Penyebab lainnya adalah sindrom Stockholm. Sindrom Stockholm adalah keadaan psikologis dimana korban yang disekap atau disiksa menjalin hubungan positif dengan penangkap atau penyiksanya. Terkadang bahkan korban membantu penyiksanya sendiri untuk mencapai tujuan si penyiksa. Sindrom ini dapat menerangkan mengapa korban masa orientasi siswa/mahasiswa dapat berbaikan dengan senior-seniornya setelah masa penyiksaan dan bahkan melakukan hal yang sama ke junior-juniornya pada tahun berikutnya.

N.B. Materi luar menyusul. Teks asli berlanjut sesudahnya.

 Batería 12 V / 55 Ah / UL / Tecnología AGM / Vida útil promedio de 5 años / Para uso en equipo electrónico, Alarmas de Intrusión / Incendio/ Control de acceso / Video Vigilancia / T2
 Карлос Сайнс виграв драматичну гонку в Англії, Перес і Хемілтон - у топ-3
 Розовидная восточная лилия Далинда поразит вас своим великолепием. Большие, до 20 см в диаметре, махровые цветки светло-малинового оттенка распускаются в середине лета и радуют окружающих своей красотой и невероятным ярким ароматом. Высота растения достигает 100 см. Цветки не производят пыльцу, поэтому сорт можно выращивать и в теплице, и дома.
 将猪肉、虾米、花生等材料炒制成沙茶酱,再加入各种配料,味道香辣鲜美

Saya secara pribadi pernah mengalami masa-masa seperti itu, baik sebagai junior maupun sebagai senior. Sebagai junior biasanya saya merasakan hal ini adalah hal yang salah, tetapi ketika menjabat sebagai senior saya dan kawan-kawan justru mendukung diselenggarakannya acara tersebut dan tidak merasa salah sama sekali. Perasaan waswas dan bersalah justru baru muncul ketika adik saya baru mengikuti orientasi siswa.

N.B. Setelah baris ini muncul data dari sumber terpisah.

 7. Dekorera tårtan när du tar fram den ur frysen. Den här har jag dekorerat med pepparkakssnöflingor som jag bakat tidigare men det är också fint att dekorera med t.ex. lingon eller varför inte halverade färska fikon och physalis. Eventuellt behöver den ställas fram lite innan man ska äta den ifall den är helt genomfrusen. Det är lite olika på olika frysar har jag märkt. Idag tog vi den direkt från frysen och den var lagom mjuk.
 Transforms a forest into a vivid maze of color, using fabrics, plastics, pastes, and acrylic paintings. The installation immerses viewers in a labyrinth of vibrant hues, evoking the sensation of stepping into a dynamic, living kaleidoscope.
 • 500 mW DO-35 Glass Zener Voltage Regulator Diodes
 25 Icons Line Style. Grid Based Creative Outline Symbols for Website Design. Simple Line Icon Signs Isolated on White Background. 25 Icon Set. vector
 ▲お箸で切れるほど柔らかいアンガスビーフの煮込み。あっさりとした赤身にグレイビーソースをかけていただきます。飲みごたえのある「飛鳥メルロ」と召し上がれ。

Bagaimana memutuskan rantai masalah ini? Pihak pengajar yang bertanggung jawab atas keberadaan siswa/mahasiswa di sekolah/kampus tentunya bertanggung jawab untuk menghentikan kegiatan-kegiatan yang tidak bertanggung jawab tersebut. Pihak orang tua siswa/mahasiswa juga bertanggung jawab untuk melarang anak-anaknya mengikuti acara-acara yang tidak jelas maksud dan tujuannya. Tetapi yang terpenting adalah sikap dari anak didik itu sendiri yang harus dapat menolak kegiatan-kegiatan semacam itu, mereka bukanlah pihak yang sepenuhnya tidak berdaya. Sekali mengikuti acara kekerasan semacam itu, psikologi dan idealisme mereka akan berubah arah.

ORDIK Bukan OPSPEK

Ordik apaan tuch ?? Mungkin rekan-rekan calon peserta ORDIK 2008 pada bertanya-tanya. Apaan sih?? Nggak penting kali...

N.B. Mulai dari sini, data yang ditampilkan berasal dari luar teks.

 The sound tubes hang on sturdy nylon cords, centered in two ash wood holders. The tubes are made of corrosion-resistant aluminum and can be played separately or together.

Apa sich bedanya ma opspek??? Pasti dikerjain lagi... Males... , itu pikiran saya sewaktu ikutan ORDIK 2006 saat menjadi mahasiswa baru. Pasti harus bawa ini bawa itu. Mesti ini harus itu. Gak boleh Begini Gak boleh Begitu.. Bete.. bete..bete ach.. Basi..basi.. Basi ..Basi Lho...(Jadi Nyanyi...)

Tapi cukup menyenangkan saat ORDIK.. Dapat dikatakan saya dapat mengenal 95% mahasiswa baru yang lain yang sebelumnya saya tidak kenal. Saya kenal 75% senior saya dan merasa memiliki suasana baru dengan semangat yang baru. Kenapa ??? Karena ORDIK itu menekankan pada PENDIDIKANnya bukan hanya sekedar perkenalan saja...

Dari segi bahasa ORIENTASI PENDIDIKAN terdiri dari 2 kata, orientasi dan pendidikan. Orientasi berarti pengenalan, mengarahan, pedoman. Bila kita ambil arti pengenalan yaitu proses membuat kenal, mengenal atau mengenali. Sedangkan pendidikan adalah pemeliharaan dan pemberian latihan, ajaran, bimbingan mengenai akhlak dan kecerdasan pikiran.

Nah dari sana kita dapat tarik pengertian dari ORDIK itu adalah pengenalan yang berisi pemberian latihan atau ajaran yang lebih menonjolkan pada kecerdasan berfikir bukan pada kekuatan fisik. Jadi Kita harus dapat membersihkan prasangka kita tentang ORDIK yang kelam, ajang perploncoan, ajang balas dendam, ajang mengerjai dan sebagainya.